Speaking to media, Puri said he had met Epstein on two occasions but clarified that the meetings were arranged for official purposes and were not initiated by him.
“I didn’t seek meetings… they were set up for me,” he said, adding that two meetings did not amount to guilt by association. He emphasised that he was not part of the government at the time and said he “comes out smelling of roses” from the episode.
Row over trade agreement
The minister rejected the suggestion that references in the so-called Epstein files had placed pressure on Prime Minister Narendra Modi in negotiating a trade and tariff agreement with the United States.
Puri said that if Rahul Gandhi read the text of the India-US agreement carefully, he would understand that it is part of an interim framework that had been in the works. He stressed that for a country like India, with nearly 50 per cent of its GDP linked to the external sector, trade agreements are vital.
Taking a sharp dig at the Congress leader, Puri said Gandhi was “making a mountain out of a molehill” and accused him of not properly reading the agreement before commenting on it.
Gandhi’s allegation
On Wednesday, after speaking in the Lok Sabha and accusing Prime Minister Modi of “selling out Bharat Mata,” Rahul Gandhi claimed he had verified information that Hardeep Puri and businessman Anil Ambani were named in US Department of Justice records relating to Epstein.

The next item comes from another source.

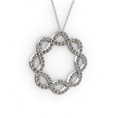 Dumanlı kuvars 18 ayar beyaz altın kolye (40 cm beyaz altın rolo zincir)

Gandhi argued that the presence of Puri’s name in the files had created direct pressure on the Prime Minister, forcing him into what he described as a disadvantageous agreement for India in matters concerning farmers, data, energy security and defence.
He said no Prime Minister would compromise on such issues without facing “heavy pressure and a very strong chokehold.”
Puri responded by stating he had only met Epstein a handful of times and never in private. He said he had no interest in Epstein’s activities and added that Epstein had described him as “two-faced.”
Government response to Israel reference
Meanwhile, on January 31, Ministry of External Affairs spokesperson Randhir Jaiswal addressed reports of an email said to be part of the recently released tranche of documents that referenced Prime Minister Modi’s 2017 visit to Israel.
Jaiswal said that apart from the fact of the Prime Minister’s official visit to Israel in July 2017, the rest of the email’s references were “trashy ruminations” of a convicted criminal and deserved to be dismissed with contempt.
Fresh disclosures from US
Last month, the US Department of Justice released a new tranche of records from its files related to Epstein. The disclosure includes more than three million pages of documents, over 2,000 videos and 180,000 images.
The release follows the enactment of the Epstein Files Transparency Act, which mandates the opening of government files relating to Epstein and his longtime associate Ghislaine Maxwell.
Jeffrey Epstein died in a New York jail cell in August 2019, a month after he was indicted on federal sex trafficking charges. His death was ruled a suicide.